## DIRECTIONS FOR THIS TASK
Return nothing but the lines from the one with "Materials: glass seed" through the one with "Bjarnarvík ÁR 13" in the data below, word for word and without pictures.

## EXERCISE MATERIAL

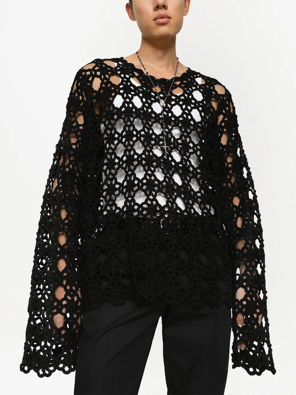Черный, хлопок, кроше, цветочная деталь, вырезные детали, круглый вырез, длинные рукава, прямой подол и края с фестонами.
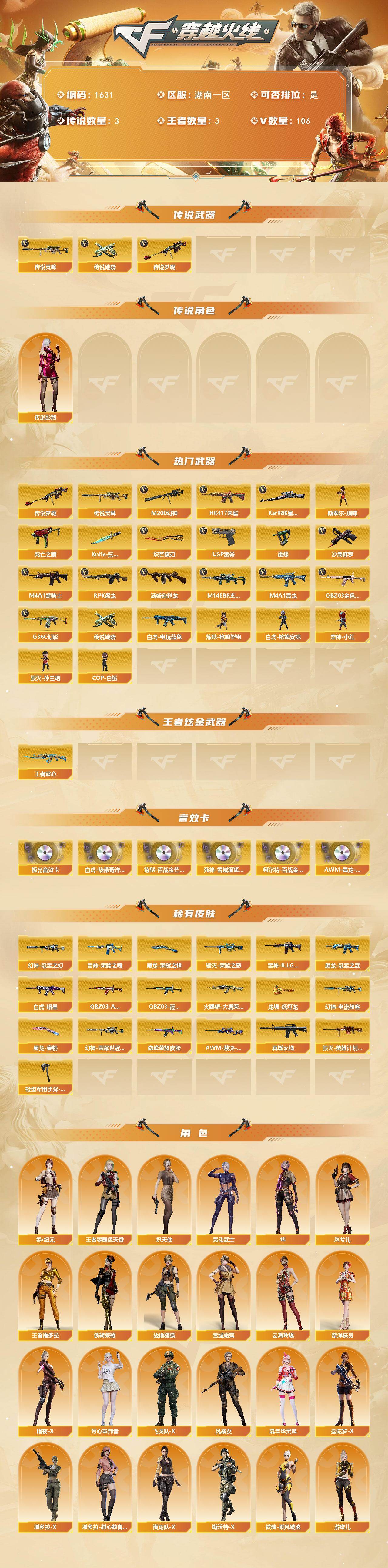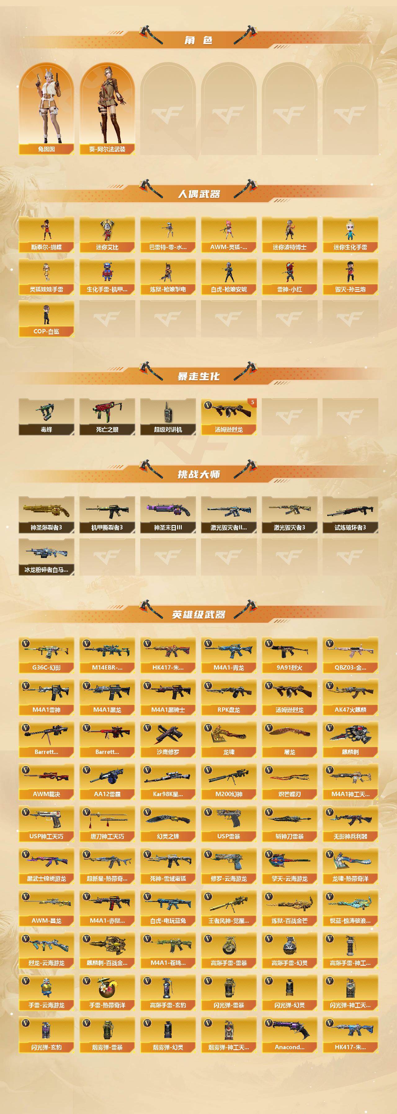 【热门武器】:传说梦魇,传说灵眸,传说破晓,G36C-幻影,QBZ03-金色蔷薇,M14EBR-玄武,HK417-朱雀,M4A1-青龙,M200-幻神,死亡之眼,白虎-电玩蓝兔,Kar98K-星神,毒蜂,M4A1-黑骑士*3,汤姆逊-烈龙*5,RPK-盘龙*2,斯泰尔-蝴蝶,炼狱-
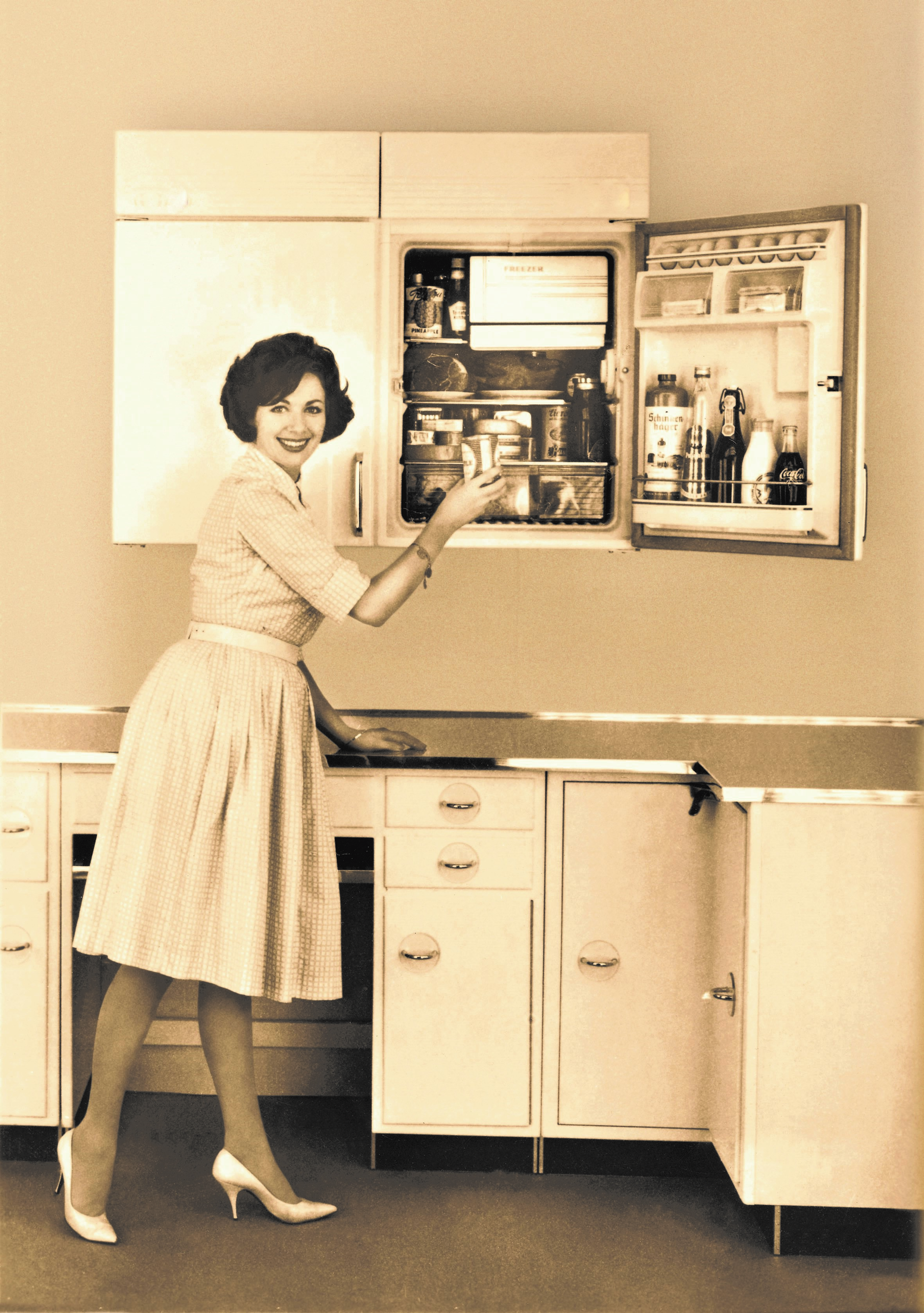 Foto 2: Mit der Weiterentwicklung des Kühlschranks reduzierte sich die Kaufhäufigkeit von Lebensmitteln. Hausfrauen und Kinder waren froh über die hinzugewonnene Zeit. (Foto: AMK)
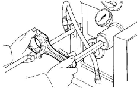 (c) Using a pin hole grinder, hone the bush to obtain the specified clearance between the bush and piston pin.
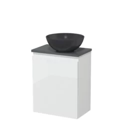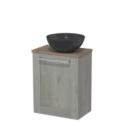 Toiletmeubel Met Waskom Quartz Modulo Donkergrijs Beton Vlak 41 Cm Lichtbruin Eiken Blad
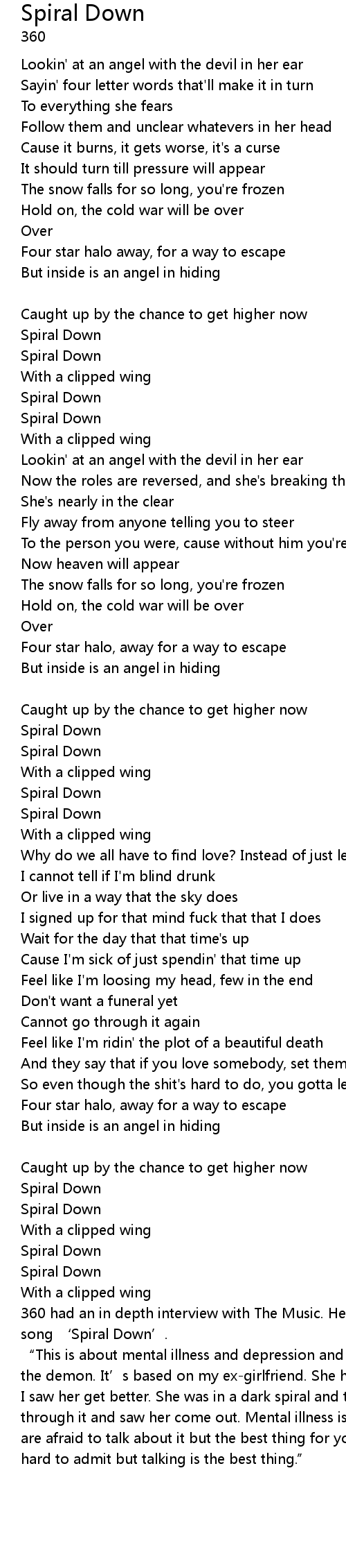 | 360 had an in depth interview with The Music. Here is what he said about his song ' Spiral Down'. | |
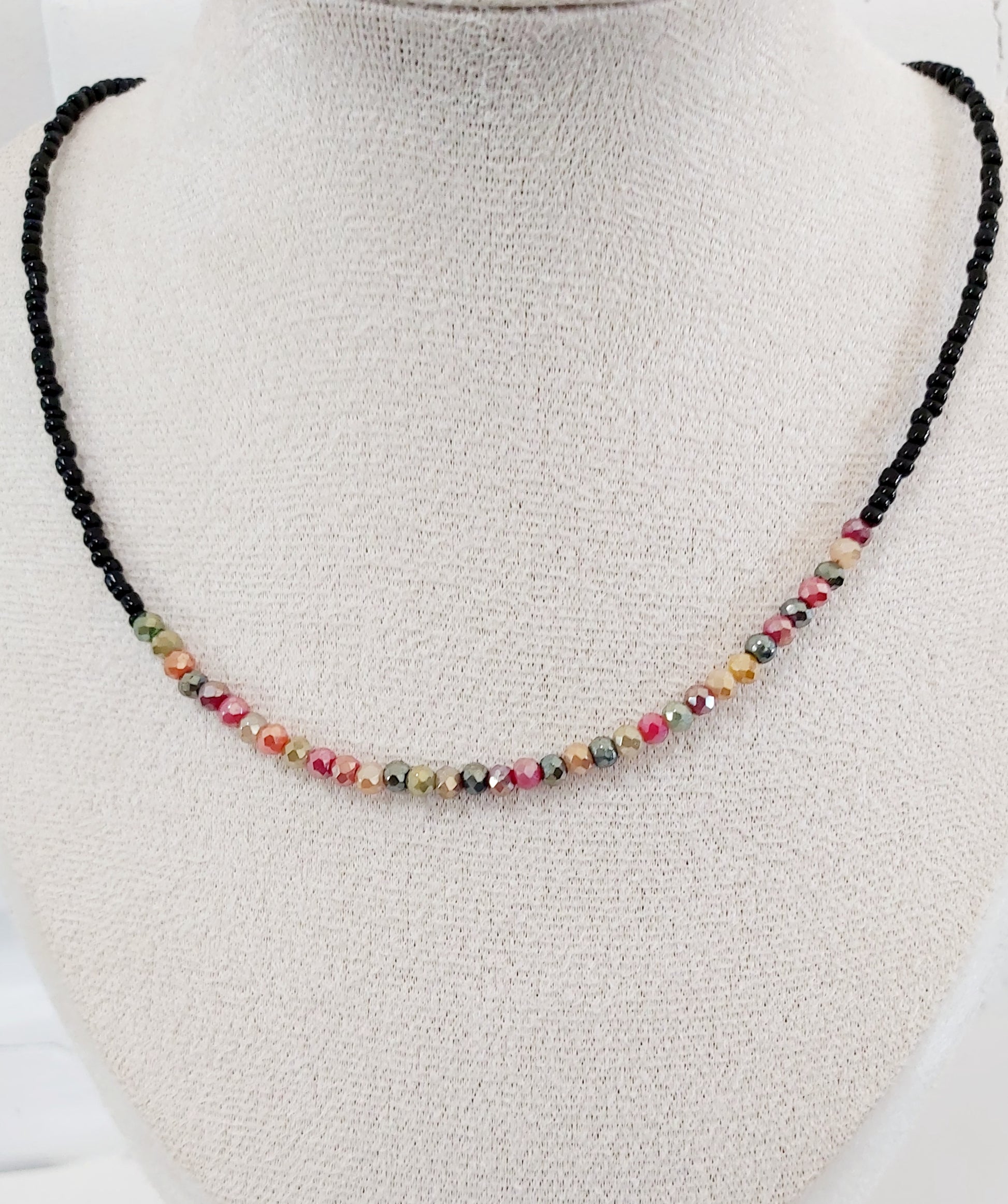 Materials: glass seed beads, 3 mm crystal beads, stainless steel clasp & extension chain
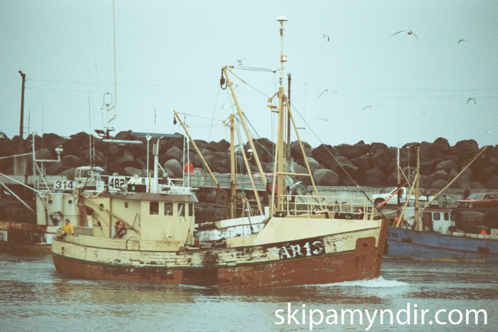 Bjarnarvík ÁR 13 kemur hér til hafnar í Þorlákshöfn á vetrarvertíðinni 1982 en myndina tók Hreiðar Olgeirsson skipstjóri á Kristbjörgu ÞH 44 frá Húsavík.
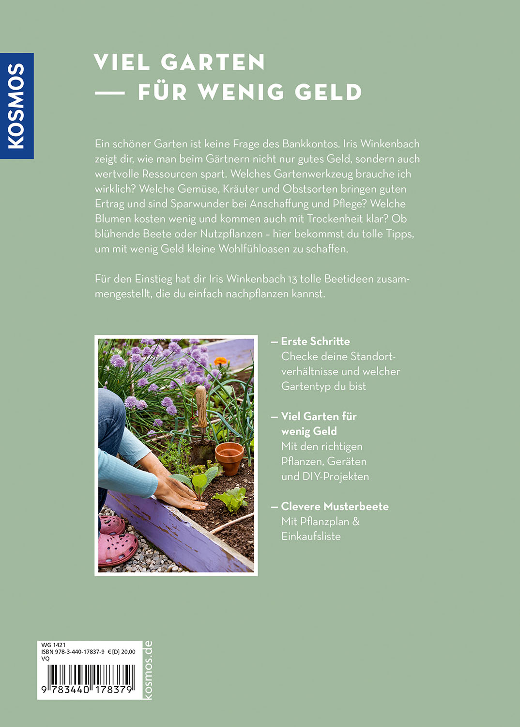 Ein schöner Garten ist keine Frage des Bankkontos. Dieser moderne Ratgeber zeigt, wie man beim Gärtnern nicht nur viel Geld, sondern auch wertvolle Ressourcen spart. Welches Gartenwerkzeug brauche ich wirklich? Welche Gemüse, Kräuter und Obstsorten bringen guten Ertrag und sind Sparwunder bei Anschaffung und Pflege? Welche Blumen kosten wenig und kommen auch mit Trockenheit klar? Ob blühende Beete oder Nutzpflanzen - Iris Winkenbach erklärt, wie man günstig gärtnert, Wasser spart, um mit wenig Geld kleine Wohlfühloasen zu schaffen.
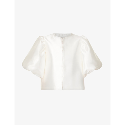 Womens Ivory Cleo Round-neck Puff-shoulder Woven Blouse
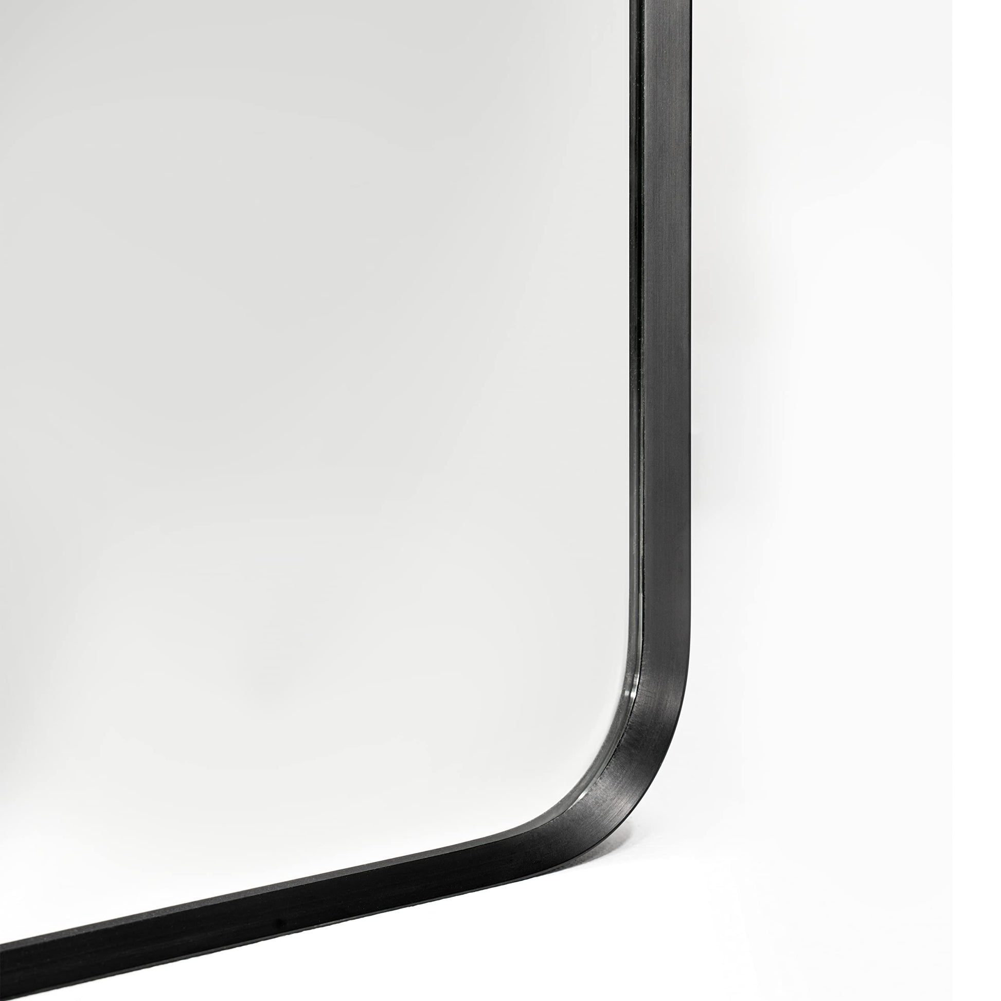 Discover a touch of modern elegance with our bathroom wall mirror, an epitome of industrial chic. Fashioned with an innovative angled design, the brushed matte black metal frame not only exudes sophistication but also provides an added layer of protection to the mirror. What sets this mirror apart is its resilience; the black mirror boasts anti-stripping, anti-cracking, and anti-water properties, making it superior and safer than the conventional recessed frames.
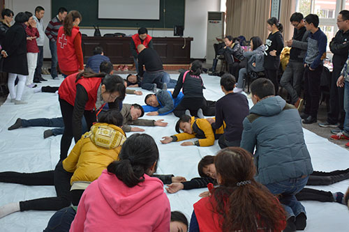 为了学好救护技能,掌握操作要领,学员们反复练习心肺复苏和止血、包扎、固定、搬运技能。在出勤、理论考试、试讲考试、CPR操作考试中表现出较高的纪律性和严谨性,与导师形成良性互动。特别是在综合演练项目中,学员们表现出很强的团队合作精神和较高的综合素质。同时,导师们细心指导小组长如何调动一个团队的凝聚力和号召力,激发团队的合作精神,带领团队有针对性地解决问题。
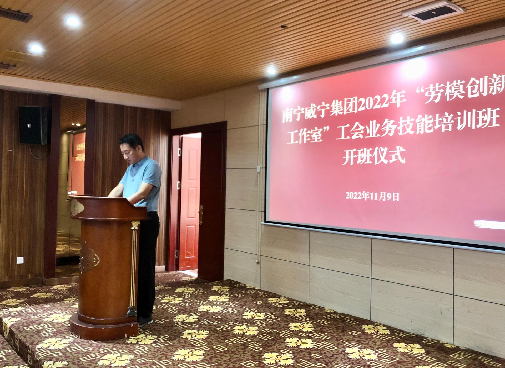 為深刻學(xué)習(xí)領(lǐng)會(huì)黨的二十大的精神,進(jìn)一步提升工會(huì)隊(duì)伍政治理論水平和業(yè)務(wù)能力,2022年11月9日—11日,南寧威寧集團(tuán)工會(huì)在南寧市龍門水都舉辦“勞模創(chuàng)新工作室”工會(huì)業(yè)務(wù)技能培訓(xùn)班,集團(tuán)黨委副書記、工會(huì)主席馬超毅出席開班儀式并講話。
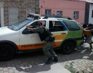 Tem circulado nas redes sociais a foto de policiais militares de Quixeramobimempurrando uma viatura com aparentes problemas mecânicos. Populares ajudam a empurrar o veículo.
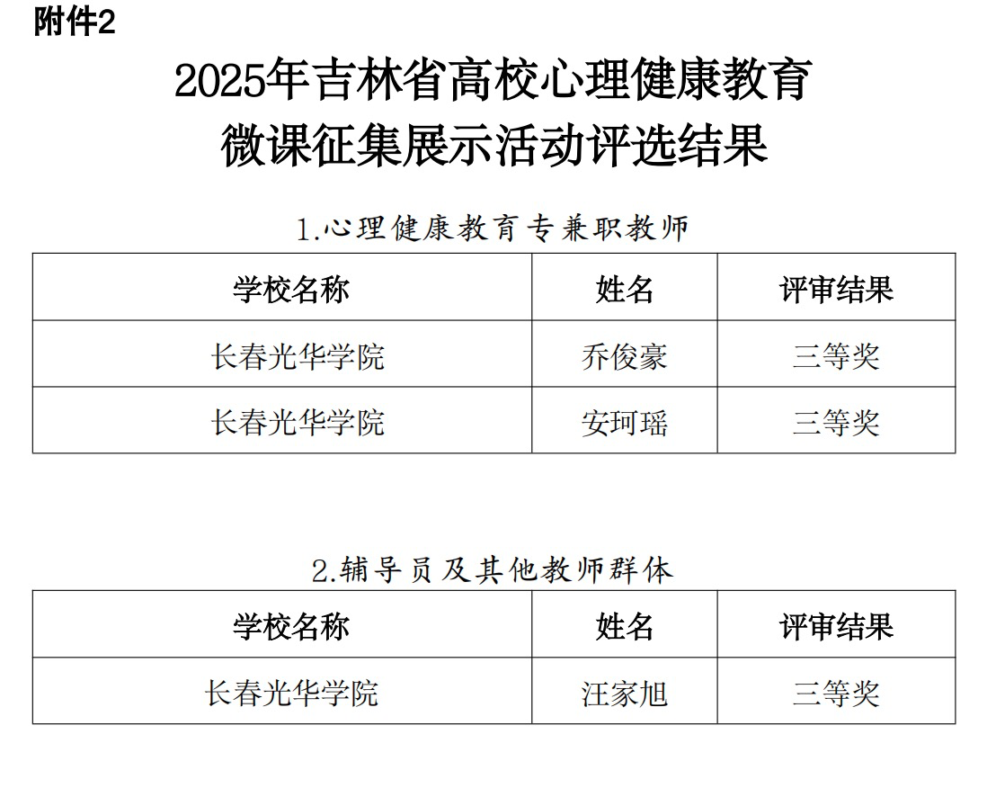 在吉林省教育厅主办的2025年吉林省高校心理健康教育“精彩一课”教学展示活动及微课征集展示活动中,学校三位教师荣获三等奖。(供稿单位 :学生工作处 编辑:刘安妮 责编:曹红梅 初审:杨迦程 复审:杨 鸿 终审:赵 健)
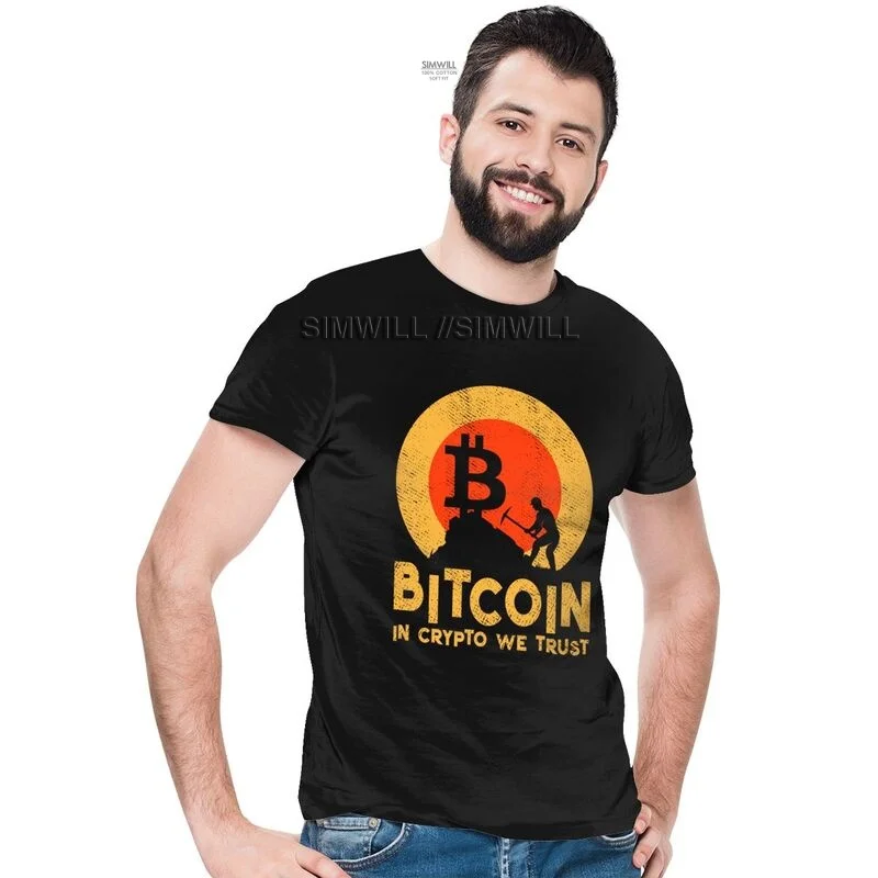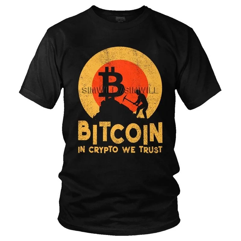 Винтажные Стиль Bitcoin футболка Шахтер мужские Harajuku футболка короткий рукав 100% хлопок в Crypto We Trust BTC футболка городской футболки

## RESULT OF THE EXERCISE
 Materials: glass seed beads, 3 mm crystal beads, stainless steel clasp & extension chain
 Bjarnarvík ÁR 13 kemur hér til hafnar í Þorlákshöfn á vetrarvertíðinni 1982 en myndina tók Hreiðar Olgeirsson skipstjóri á Kristbjörgu ÞH 44 frá Húsavík.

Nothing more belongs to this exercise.